Арлинг не сумел сдержать слово: с Дией после той ночи он не встретился. Как только началась буря, его без объяснений перевели в шатер к Джаль-Баракату, где всегда присутствовала стража. Но Арлинг знал — время для бунта еще не настало. Сквозь шум ненужного ему мира порой доносился голос и запах Дии. Он слышал, как она передвигалась по лагерю — чаще всего между палатками, где держали больных — и догадался, что ее приставили помогать Солу. Шаман был не лучшей кампанией, но, по крайней мере, в его интересы любовные утехи не входили.

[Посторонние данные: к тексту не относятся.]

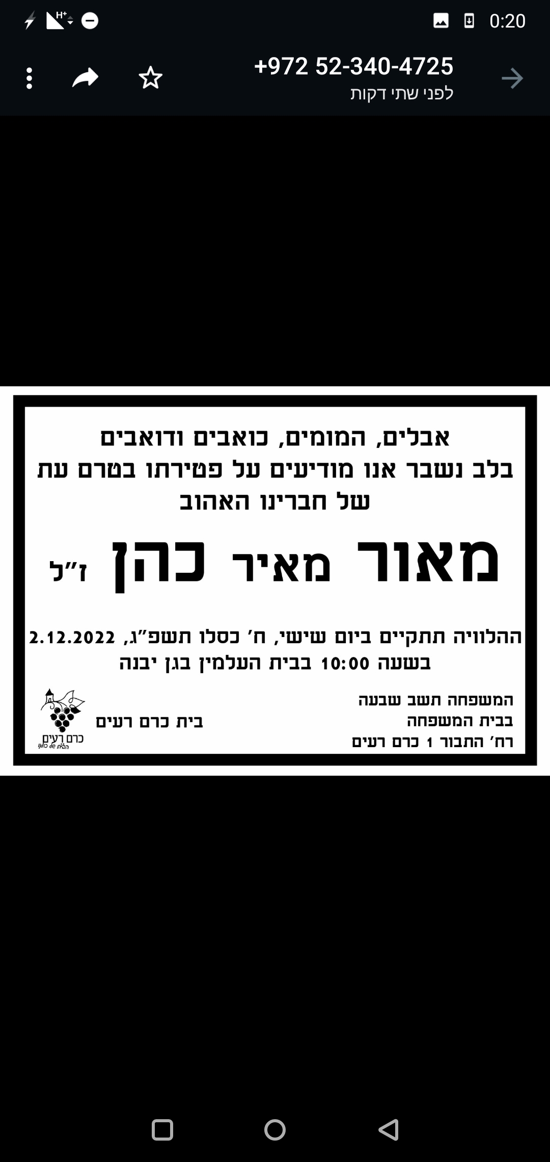 עצוב מאד!טרגדיה בכביש: מאור כהן ז"ל מהיישוב 'כרם רעים' נהרג בתאונה הקשה עם מעורבות מס' רכבים מוקדם הערב סמוך למעבר חשמונאים.

После того как Арлинг прошел с ним весь Карах-Антар, он мог с уверенностью сказать — водка была лучшим и последним другом старого шамана.
И все же Регарди было тревожно за Дию. Девочка была сильно истощена, и можно было только гадать, какие силы поддерживали ее тогда, когда почти все нарзидские дети уже ехали в обозах. Следующие два дня караван шел, не останавливаясь на длинные привалы. Арлингу удалось различить Дию среди ковыляющих нарзидов, и с тех пор он неотрывно следил за каждым ее шагом. Она хромала из-за незаживающей мозоли на левой ноге, спотыкалась, падала, упрямо поднималась и догоняла своих. Вслушиваясь в ее дыхание — сбитое, слишком частое, нездоровое — Арлинг с трудом подавлял злость. Что ей стоило отправиться в обоз к больным и детям? Ведь там еще было место. И только когда почувствовал на своей спине ее взгляд, понял. Обоз с больными плелся в хвосте, а нарзиды шли сразу за наемниками и керхами, среди которых ехал Арлинг. Возможно, догадка была слишком эгоистичной, но он не мог отделаться от мысли, что Дия шла со взрослыми нарзидами только потому, что так ей было видно его, Арлинга.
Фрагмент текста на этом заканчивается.